Recapitulating the steps to be taken in preparing expertise research using qualitative methods (see Table 2) clearly shows how important it is that the study design is guided by the research questions and by the strengths and weaknesses of the methods employed. Understanding the ways in which various methods affect cognitive task processing in data collection helps to establish what interview or verbal protocol method to use. In designing verbal protocol studies, the next critical step is to choose task characteristics and requirements in a manner that can reveal expert behaviour under conditions reflecting or manipulating the essence of the task. This step is closely tied to the development of a coding scheme in which it is anticipated how each variable of interest can be measured in the verbal protocols. The final step of communicating the study to participants must comply with general research guidelines, as described in the outline of the interview guide (see Table 3). In the following sections, the five verbal protocol methods of thinking aloud, dialogues or group discussions, free recall, explanation, and retrospective reports will be discussed. Drawing from research on medical and visual expertise, examples will be provided of specific aspects of the design and analysis of each method.

5.1 Think-aloud protocols

The think-aloud method has been frequently used to investigate the knowledge and processes in task performance and is well-documented in the literature (Chi, 1997; Ericsson, 2006b; Ericsson & Simon, 1980, 1993; Hassebrock & Prietula, 1992; van Someren, et al., 1994; Shadbolt & Smart, 2015). Participants are asked to say everything that comes to their mind while they engage in a task. The rationale behind this method is that the verbalised thoughts reflect the evolving mental representations in working memory during task performance (see Figure 1). Verbalisation of thoughts does not change the sequence of actions, and usually does not disturb the cognitive processes engaged in, but merely slows down these processes. In some tasks, however, verbal encoding and vocalisation of information interferes with natural task performance. This is because the increased load on working memory makes it difficult to keep up with the flow of information that needs to be attended to, i.e., cognitive processing cannot be slowed down to successfully accomplish the task. Verbalising is easiest when thoughts are already verbally represented, and requires extra cognitive effort in visual and motor tasks. In highly skilled and expert performance, cognitive processes are largely automated and think-aloud protocols will only reveal those thoughts that consciously come to mind. This method, then, shows what knowledge is activated, which parts of cognitive processing are automated, and when deliberate, analytical thinking is involved in specific groups, tasks and problem situations. Natural thinking in cognitive tasks can be easily disturbed by task instructions. It is therefore important that these instructions are formulated in such a way that participants are not tempted to explain or justify what they do to the experimenter. Practicing the think-aloud procedure with participants maximises the chance of obtaining valid data. When verbal materials are presented, these need to be read out loud to facilitate expressions of thoughts during information intake and signal the cues that trigger these thoughts. The data can be systematically analysed and reported in many different ways, depending on the research goals.

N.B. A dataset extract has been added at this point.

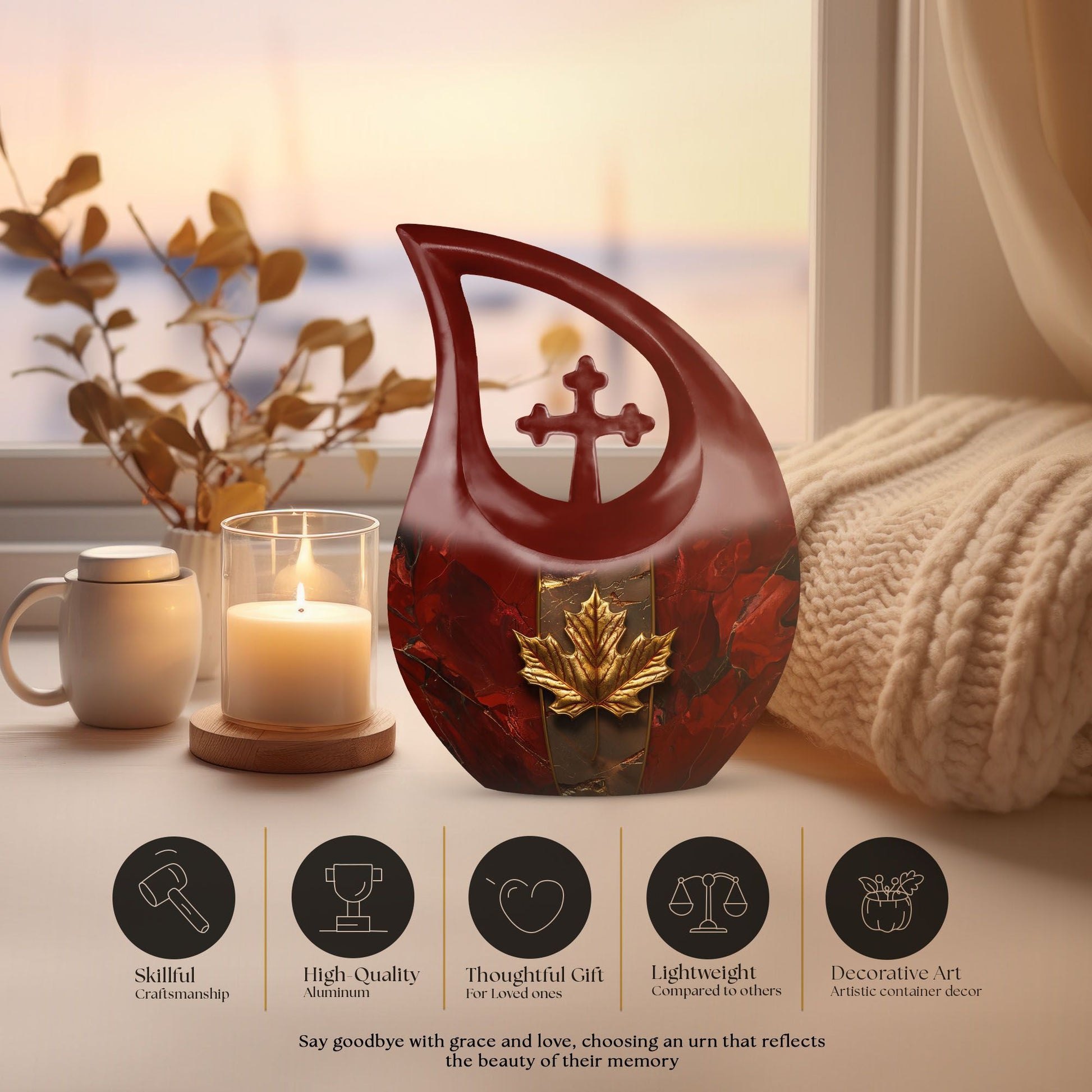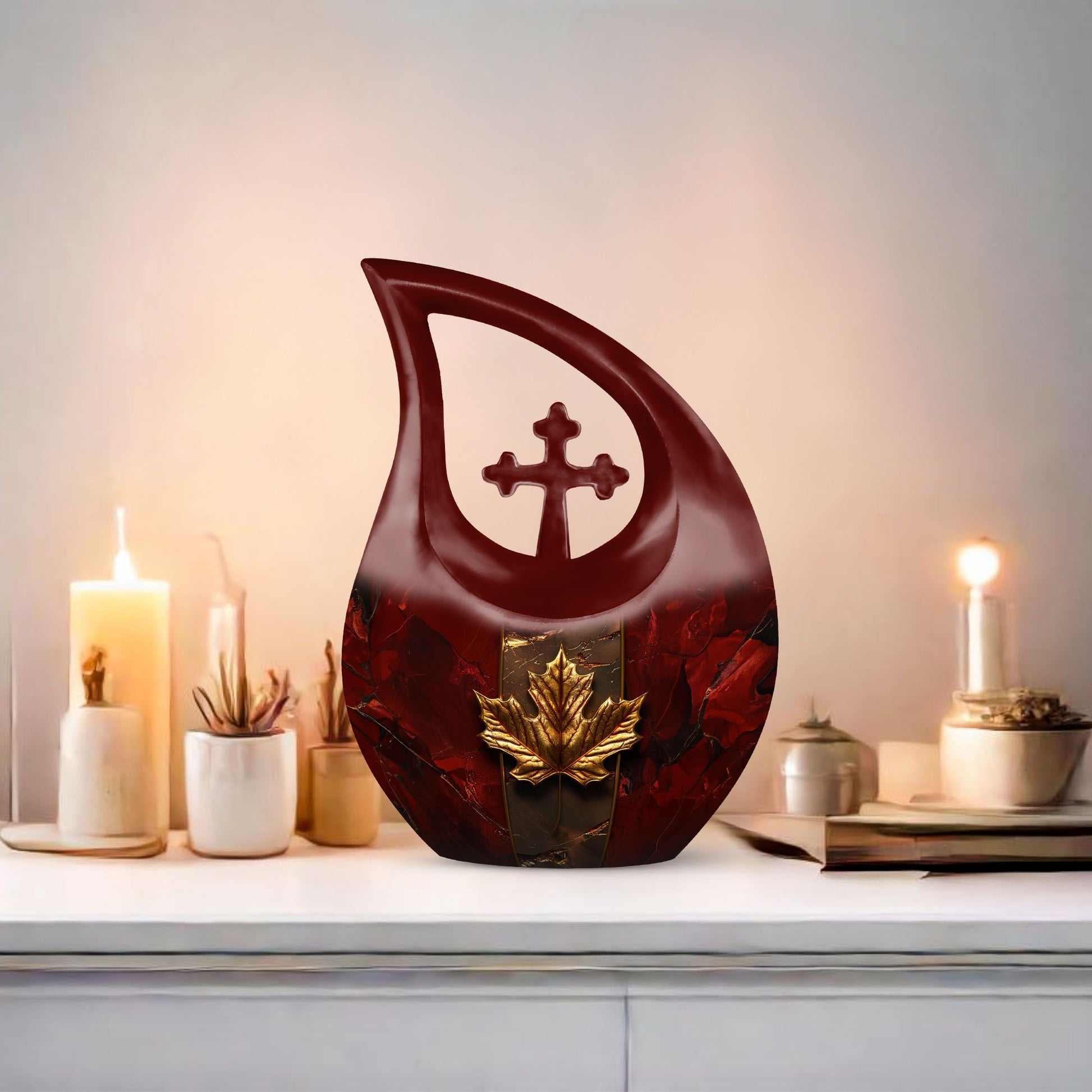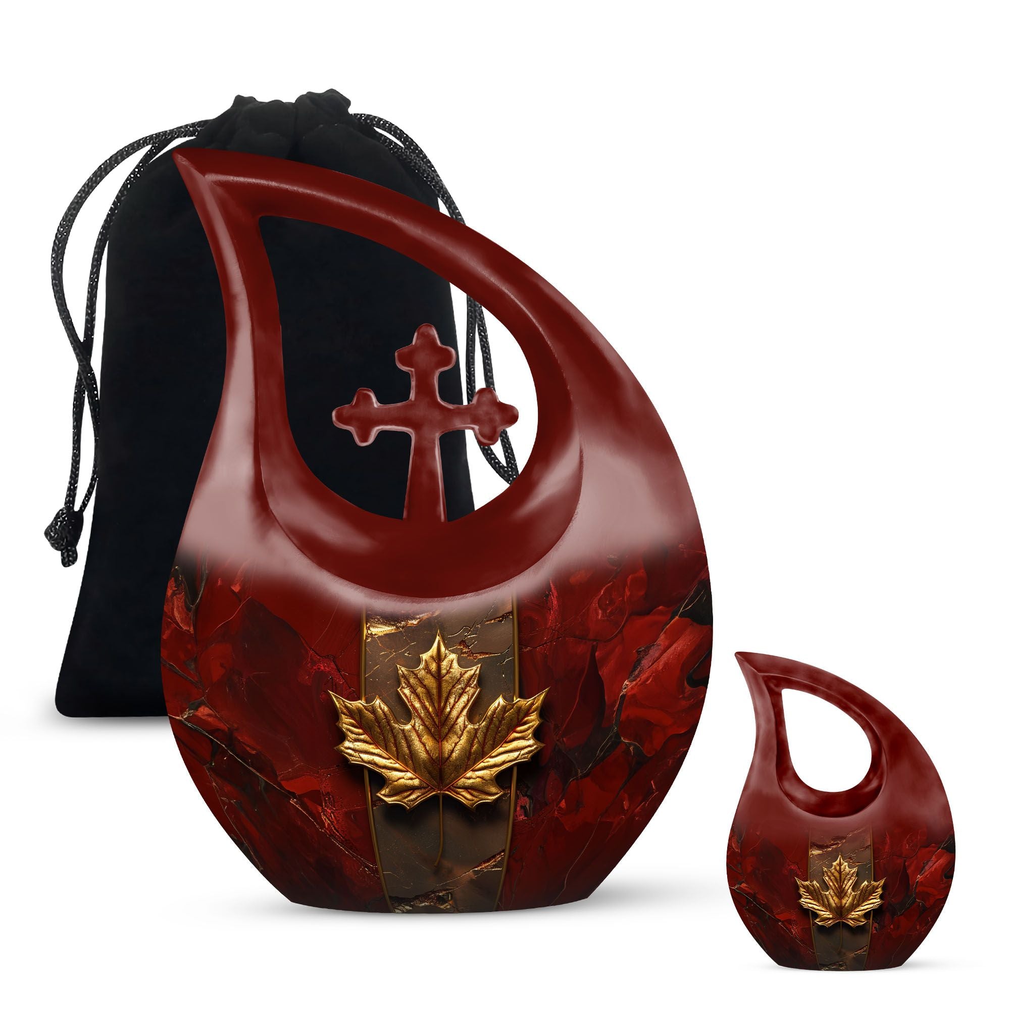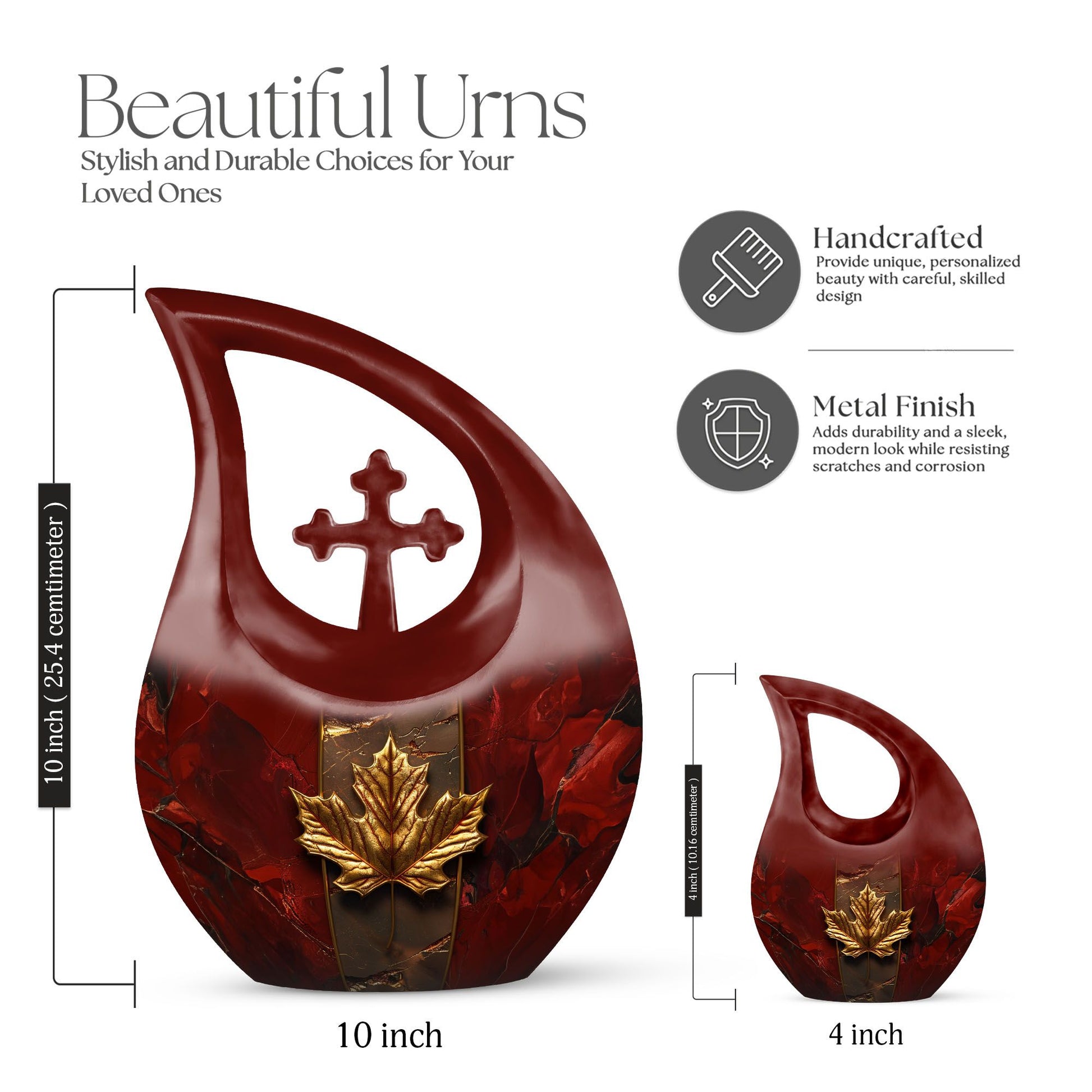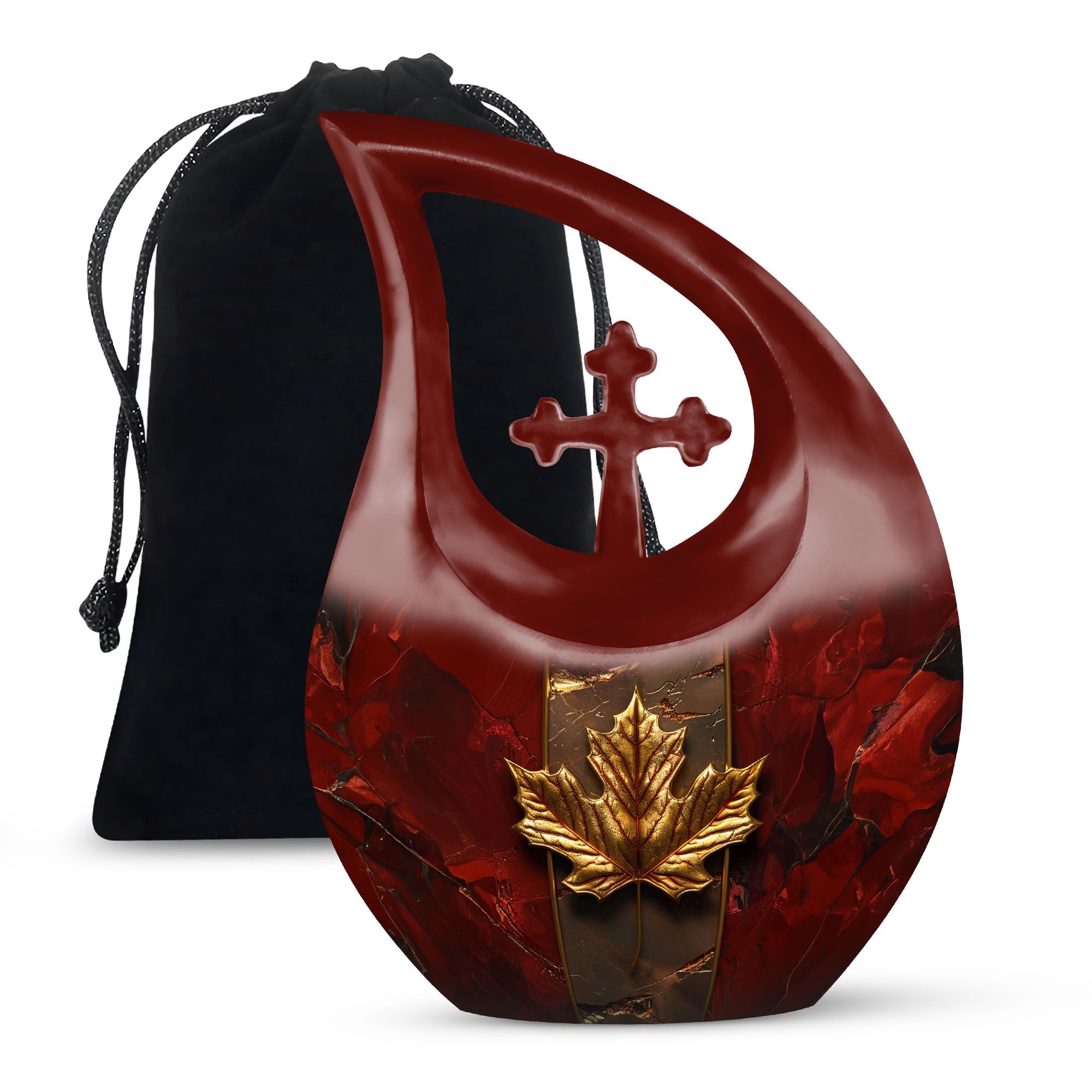 Comfort, strength, and hope embody this magnificent Mapple Leaf Urn. Standing stately at 10 inches and weighing 3.3 pounds, this large urn provides a serene resting place for your loved one's remains. Coinsuring an impressive capacity of 200 cubic inches, it is meticulously crafted from robust aluminium that ensures longevity. The cross drop urn design embodies the solidity of faith, portraying a timeless, spiritual touch. With the package, you will receive a gentle velvet pouch, providing a dignified containment for ashes. Adding a personal sentiment, this memorial urn accommodates customization; now, you can engrave names to memorialize your precious loved one. Whether looking for memorial urns, or exploring keywords like 'garden urn', 'keepsake cremation urns', or 'personalized urns for human ashes', this Mapple Leaf Urn stands out as a unique blend of divine significance and earthy resonance. Cast in the tranquility of memory and the warmth of the Mapple Leaf theme, curated for your remembrance.

In medicine, the think-aloud procedure has, for the most part, been applied in diagnostic tasks to reveal the knowledge and reasoning involved. Hassebrock & Prietula (1992) made a detailed analysis of diagnostic reasoning, focusing on knowledge states, conceptual operations, and lines of reasoning to explore different types of diagnosis, the cognitive activities engaged in (e.g., data examination, data explanation, hypothesis evaluation, meta-reasoning), and the links between patient cues, pathophysiological conditions and hypotheses, respectively. The coding scheme they used was very elaborate allowing for precise statements on the knowledge representations and the (causal) lines of reasoning in diagnosing cases of congenital heart disease. These statements could be compared with expert models of reasoning on the topic. It is a good illustration of how cognitive task analysis may guide the interpretation of qualitative data. However, although it is tempting to carry out this type of detailed analysis when data are so rich, it might be more practical to focus on some of the main inferences made, as in a study conducted by Gilhooly, et al. (1997). They asked participants to diagnose eight ECG traces while thinking aloud. A computer program first listed all of the technical terms used by participants and an expert categorised these words into three coding categories. Subsequently, the program counted the number of words indicating trace characteristics, clinical inferences and biomedical inferences. This method enabled the researchers to compare the knowledge used in visual diagnosis between different expertise groups and across ECG traces varying in difficulty, as well as between the think-aloud protocols and explanation protocols that were collected a week later. In this special issue, Helle (2017) discusses the relationship between eye tracking data and verbal data.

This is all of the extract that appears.